Apache Ambari Issues

Troubleshoot Apache Ambari issues for Big Data Service clusters.

Ambari Showing Already Removed DataNode as Dead in HDFS Summary and Host Level Health Alarm Opened, Causing LCM Operations to Fail

Troubleshoot a removed DataNode causing LCM operations failure in Ambari for a Big Data Service cluster.

After decommissioning and deleting a DataNode on a host manually, Ambari shows a critical alert with the message, DataNode Health Summary [live='x' stale='0' dead='1']. Because of the host level alarm, it's considered as unhealthy and causes LCM operations failure.

NameNode doesn't clean up the dead DataNode by itself.
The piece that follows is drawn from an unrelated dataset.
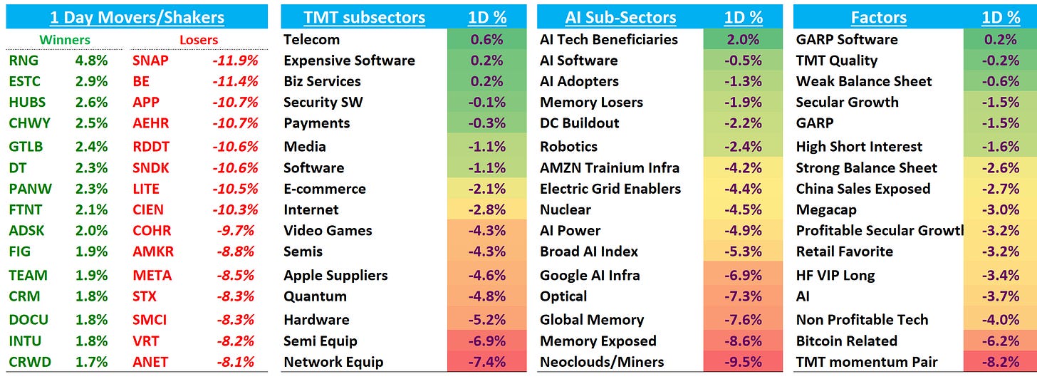 The environment continues to be a frustrating one for tech investors, who continue to run low gross waiting for the Iran turbulence to settle. In the meantime, the factor and sector whiplash continues - today it was semis underperforming software by 300bps+ and TMT Mo having one of its worst days in years (-8%) as favored sectors in semis — optical, seimcap, memory — all down close to double digits.

Cleanup the Dead node manually:

  1. Restart NameNodes to clear up the Dead DataNode:
    1. Access Apache Ambari.
    2. From the side toolbar, under Services select HDFS.
    3. Summary tab, select NameNode.
  2. For the name node, select the ... icon under Action, and then select Restart.
    Note

    If the cluster is an HA cluster, complete the previous steps for each Name Nodes.
  3. Refresh configurations.
    1. Go to the Hosts section and select the affected host.
    2. Select Actions > Selected Hosts > Hosts > Refresh All Configs.